# Why So Many Worldmarks Up For Sale On eBay?



## Tokapeba (Mar 9, 2017)

I have a worldmark account and have been happy with it. I was looking at timeshares on eBay today and saw 32 active listings and one No House Keeping account with over 60K credits. Is there something going on with worldmark?


----------



## JohnPaul (Mar 13, 2017)

Those numbers may be on the high side but it's not untypical to see quite a few Worldmark offers on Ebay.


----------



## Sandy VDH (Mar 13, 2017)

yeah but the unlimited housekeeping is asking $35K.


----------



## uscav8r (Mar 14, 2017)

Sandy VDH said:


> yeah but the unlimited housekeeping is asking $35K.

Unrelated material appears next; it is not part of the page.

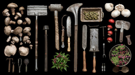 Collection of gardening tools and fresh produce on display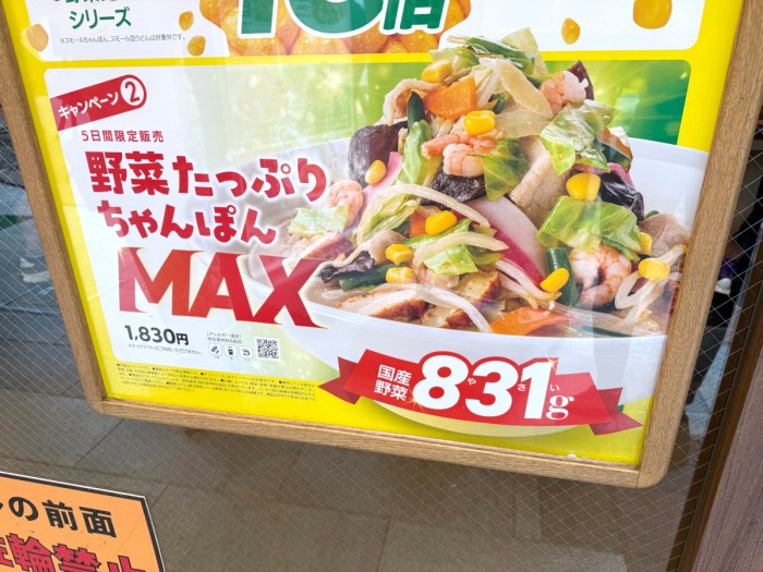 そのリンガーハットが2025年8月31日まで『野菜たっぷりちゃんぽんMAX』を発売中だ。普段から野菜たっぷりちゃんぽんはメッチャ食べてる! 野菜たっぷりちゃんぽん大好き!! というわけでリンガーハットに足を運んだ……のだが。

That is about the going rate if it truly is a grandfathered NHK. The 63k size has me thinking it could be a TravelShare NHK in which case the feature will not convey. The seller claims it is the grandfathered type, FWIW. 

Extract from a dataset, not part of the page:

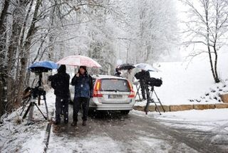 [Members of the media brave the snow and gather outside Roman Polanski's chalet in Gstaad, Switzerland, waiting for the director to be placed under house arrest in the building. Image via Getty]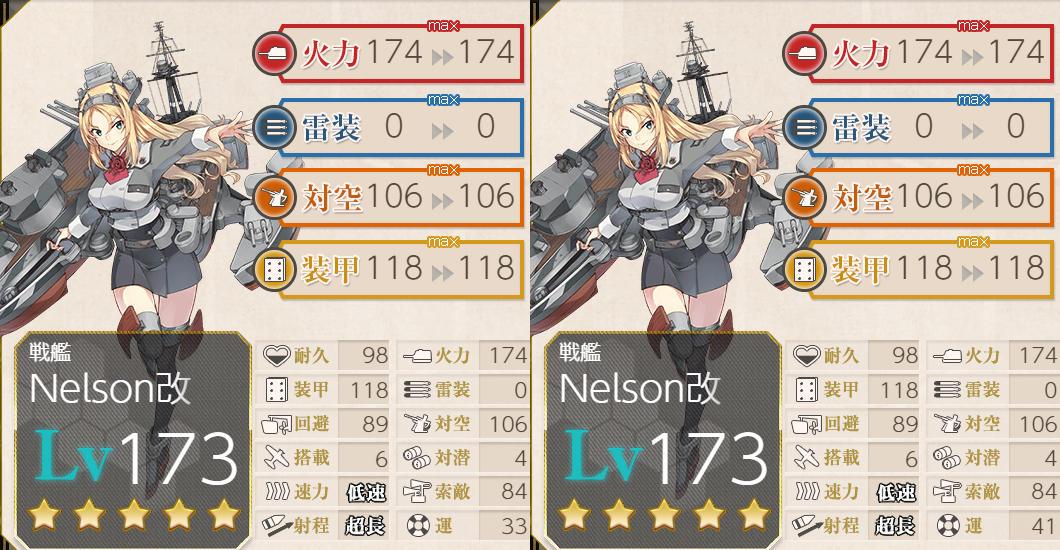 「綾波」とか「霞」をしっかり[運50]ラインに載せるのもありかなー?とかも思ったんですが「Nelson」には指輪も渡してますし支援艦隊として編成することもあるのでとりあえず1回運改修して「長門」と同等の運にしようかなということで。

Sent from my iPhone using Tapatalk


----------



## ecwinch (Mar 14, 2017)

If 35k is a fair price for a NHK, that means the NHK premium is now in the $14-18k range, up from under $10k a few years ago.


----------



## Tokapeba (Mar 15, 2017)

ecwinch said:


> If 35k is a fair price for a NHK, that means the NHK premium is now in the $14-18k range, up from under $10k a few years ago.



$18K is a lot of housekeeping. I bet management is looking for ways to get rid of those.


----------